Я привожу эти строчки, разумеется, не затем, чтобы поставить Слуцкого выше Пастернака – надеюсь, такого нелепого подозрения не возникнет, – а потому что, может быть, как раз в сравнении с этой перифразой, приглашающей сначала понять ее смысл, а потом задуматься над ним, согласиться или не согласиться, как раз по контрасту с ее цивилизованностью, камерностью ясно видна простейшая прямота Слуцкого. «Евреи хлеба не сеют, евреи раньше лысеют» – и так далее, вплоть до заключительной строфы:
Пуля меня миновала,
Чтоб говорили нелживо:
«Евреев не убивало!
Все воротились живы!».
Он начал и кончил это стихотворение прямой речью, цитатой, не от первого лица, а словами, подхваченными где-то в толпе, в очереди, в вагонной давке. Первое лицо, его «ношу в себе, как заразу, эту проклятую расу», словно бы отступает на второй план, собственный голос поэта слышен лишь как фон тупой брани. А среди найденных после его смерти стихов и набросков есть строки о крестившихся евреях, присловья, записанные тоже как бы с голоса массы: «жид крещеный – что вор прощеный», «жид крещеный – конь леченый». Опять взгляд извне, опять ирония, опять простоватая прямота. Все это очень напоминает мне насмешливую снисходительность, не злую, а именно насмешливую, веселую (мол, бедный ты, бедный, на чем свихнулся), с какой он говорил об одном бесцветном стихотворце, известном в основном своим юдофобством. Но за такой литературной интонацией, совершенно так же, как за этим насмешливо-снисходительным тоном отзыва о знакомом антисемите, пряталась, какие тут могут быть сомнения, самая настоящая боль. Нужен, как теперь говорят, большой потенциал благодушия или лицемерия, чтобы не почувствовать в стихах и на эту тему все того же конфликта между личностью поэта и современным ему обществом.

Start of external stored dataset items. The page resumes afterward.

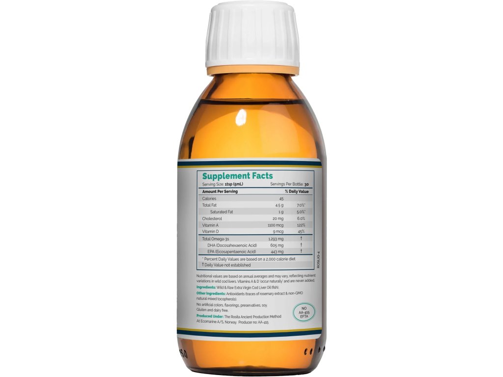 Rosita Extra Virgin Cod Liver Oil to jeden z niewielu świeżych, surowych olejów z wątroby dorsza z dzikiego połowu na świecie. Pochodzi prosto z nieskazitelnie czystych norweskich mórz, w których łowili starożytni Wikingowie. Zawiera naturalnie występujące witaminy A i D oraz pełne spektrum kwasów tłuszczowych omega, w tym omega-3 EPA i DHA.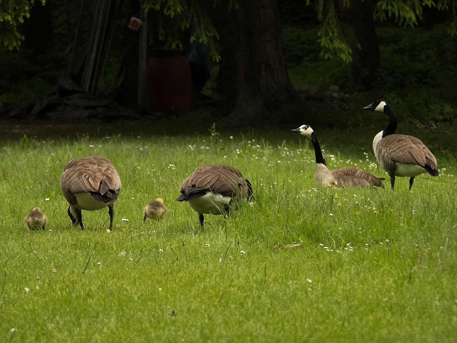 Vier Kanada-Gössel, ein Graugans-Kind. Gänschen rechts ist wohl das Graugans-Gössel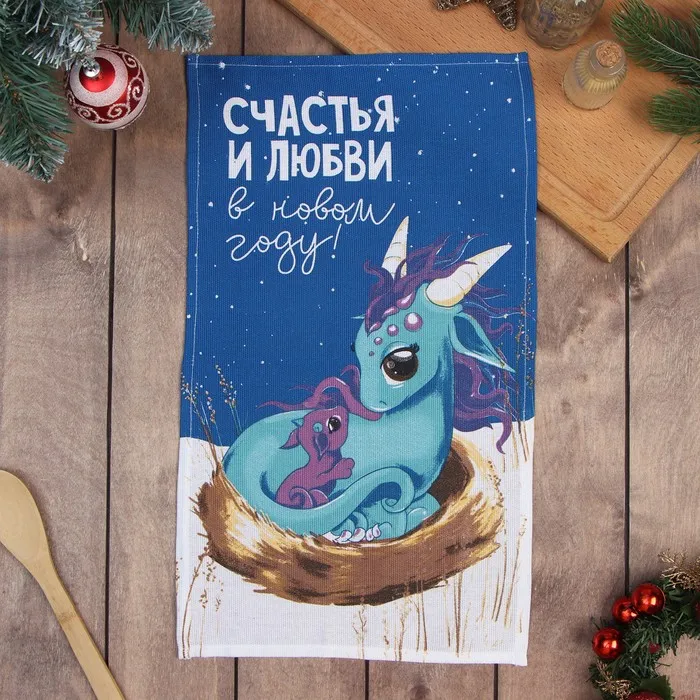 Набор новогодних кухонных полотенец Доляна «Волшебство» 35х60см-4 штуки, 100% хлопок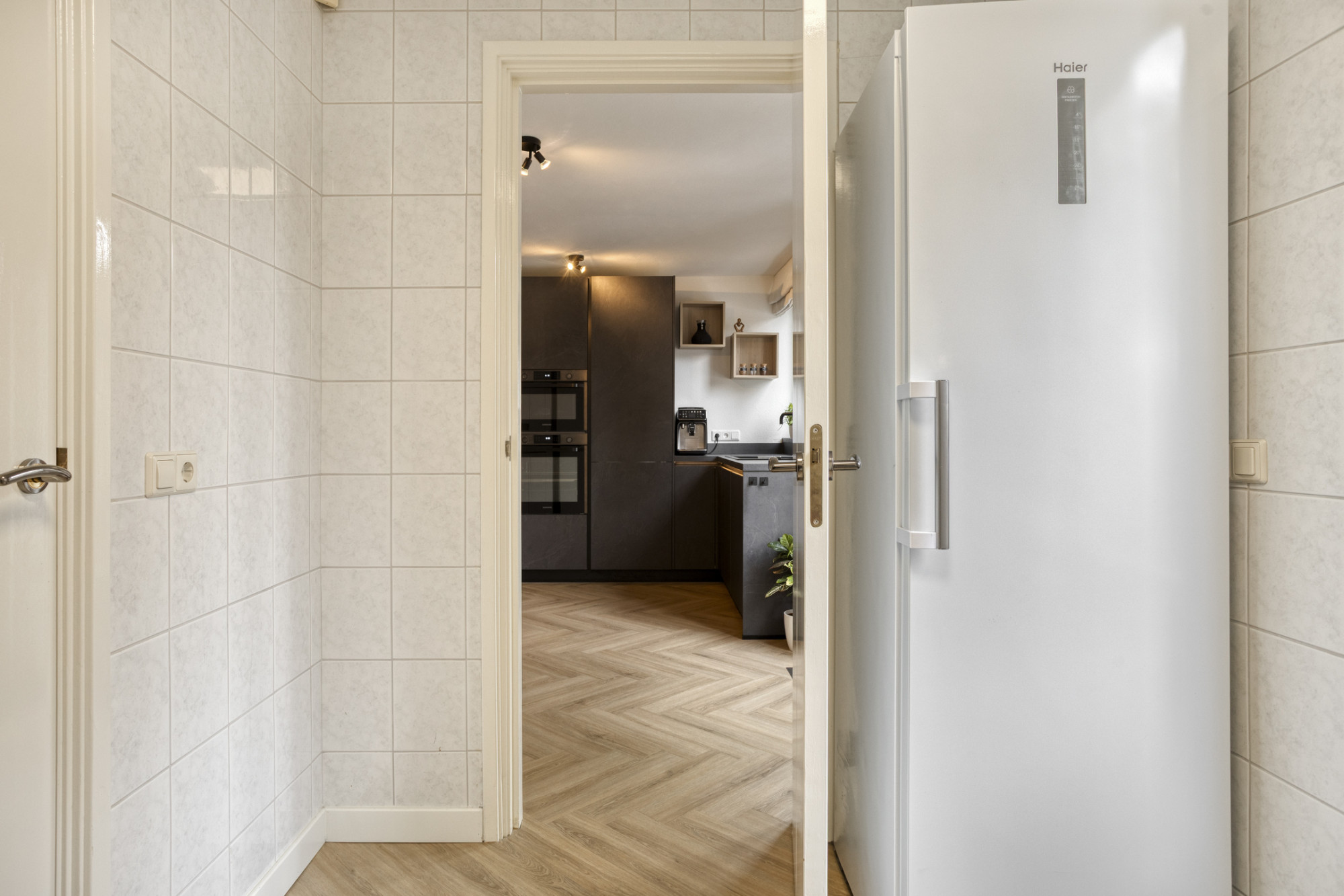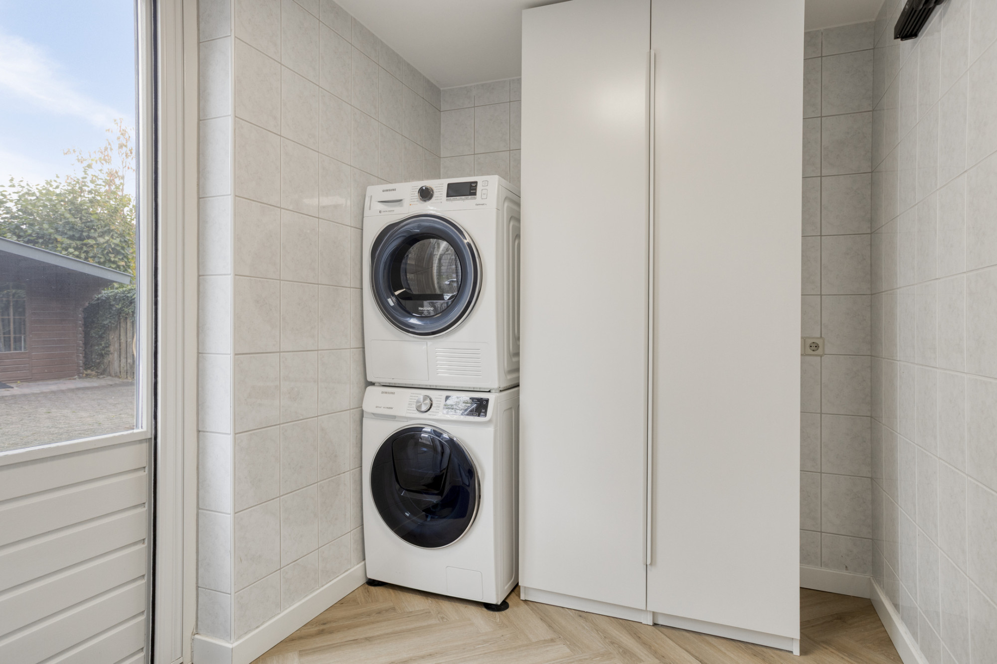 - Bijkeuken met berging en aansluitingen voor de wasapparatuur;

С древнейших времен люди верили, что поэты – пророки, что они обладают даром предвидения. На похоронах Слуцкого многим приходили на ум его стихи о «перепохоронах Хлебникова». Строчками со словами «стынь, ледынь и холодынь» он и вправду предвосхитил погоду собственных похорон. Но подтверждением его провидческой правоты показалось мне тогда не это внешнее совпадение. Я вспоминал тогда об его обыкновении ходить на гражданские панихиды по писателям из-за частого соответствия последнего пути умершего его жизненному пути и думал, что в этих похоронах все как раз отвечало отметкам жизни. «Широко известного в узких кругах» провожала большая толпа, в ней было много пишущих, много друзей и знакомых, но мало просто читателей. В доме литераторов готовились к какому-то очередному «зрелищу», поэтому там места не выделили, и панихида состоялась сначала в морге 71-й больницы на Минском шоссе, затем в крематории-новостройке. Речей было много, все, как один, говорили искренне, честно, просто, без казенщины, без фальши, без патетических преувеличений.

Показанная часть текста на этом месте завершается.